Revel thinks the traditions of family cooking are necessary for culinary innovation. It is where much of the real work is done, not in the palaces of fine cuisine. But Revel’s useful history, Culture and Cuisine, was written in 1979, well before the Internet, popular food science, the Food Channel, and celebrity chefs made cooking expertise more widely available, thus influencing “bourgeois” cuisine. I doubt family cooking still plays the essential role Revel assigns it. The lines of influence for home cooks no longer runs exclusively through family traditions and friends sharing recipes.

More importantly, surely contemporary influential chefs such as Grant Achatz, Ferran Adrià, and Thomas Keller are doing more than creating verbal facades. Creativity in the kitchen has been exploding over the past 40 years (and perhaps will regain its momentum after Covid19). Fancy food is sometimes vacuous, as in the above description of the cheeseburger. But when done with conviction and genuine creativity, it stimulates the imagination—and without imagination, flavor is a feeble thing.

And so we return to the problem of describing unfamiliar flavor experiences. Any conventional vocabulary will fail to describe these experiences if they are genuinely new. Habitual ways of speaking do not contain all the patterns we need when new objects are encountered. Thus, the imagination must shape existing concepts to match new sensory data. Much creative cuisine aims at this tension between our concept of what something is and a sensual experience that doesn’t quite fit a traditional category—for example, ravioli that melts in the mouth or foie gras that looks like an orange. These moments of uncertainty and surprise are part of the aesthetic experience. Words fail as representations or accurate descriptions, but words do more than represent—they move the heart and cause the mind to take flight.

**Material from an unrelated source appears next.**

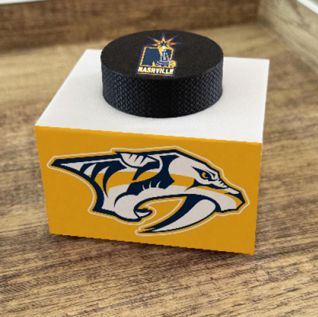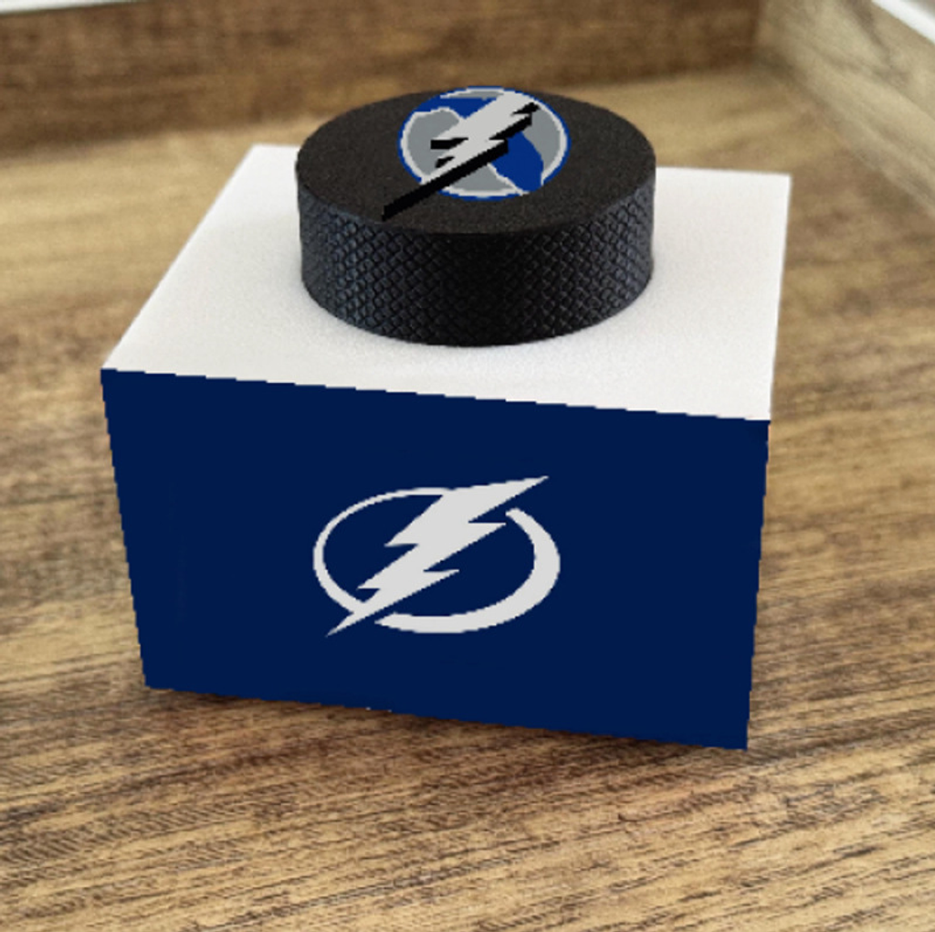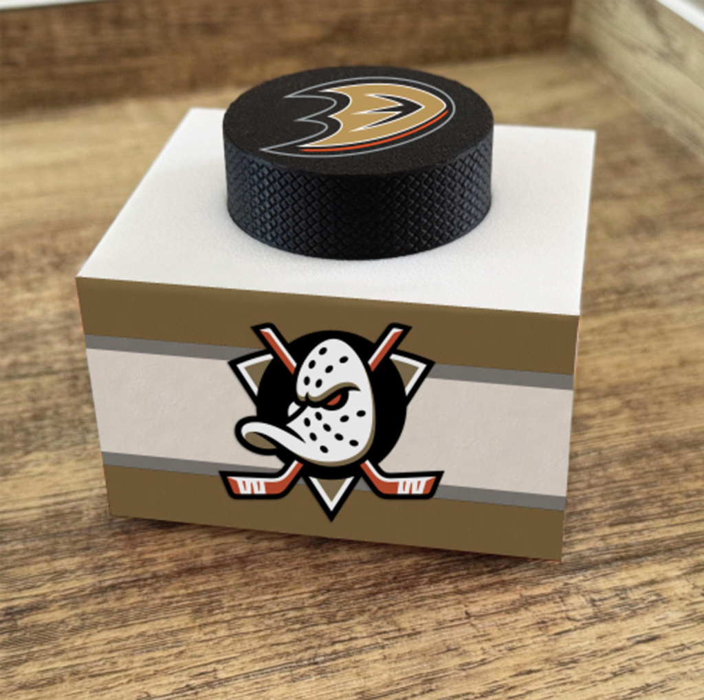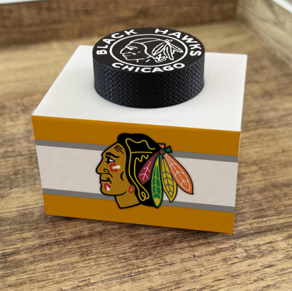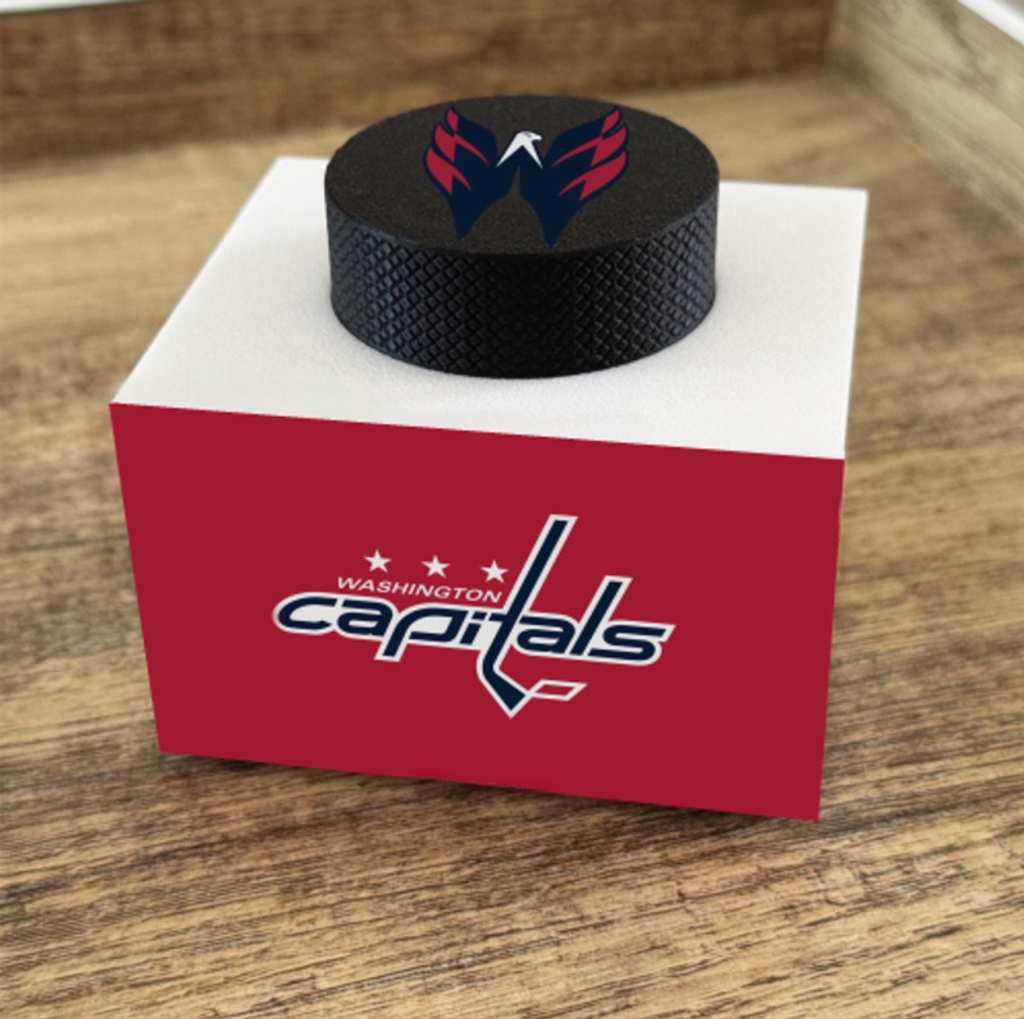With the hockey puck shaped button, it also looks awesome along side your other team collectibles!

Verbal calisthenics and representational license are not peculiar to fancy food. They are common in describing art. Musical passages bear little resemblance to an ocean. Yet by naming his symphonic tone poem La Mer, Debussy focuses our attention on the swelling and swaying of its musical passages and the glittering splashes of tone colors that call to mind the play of light on water. Dizzy Gillespie’s A Night in Tunisia has little to do with Arabic music or culture and was written in New York. But the title focuses our attention on the feeling of mystery induced by the harmonic tension in the chord structure and melody. The verbal descriptions help make sense of what we are hearing even though they are not literally true.

The goal is not to describe but to imagine. How else can this be accomplished except through the verbal flights of fancy in which a sandwich becomes a Napoleon? Perhaps this dish didn’t live up to its billing, but it inspires me to make a version of it to find out.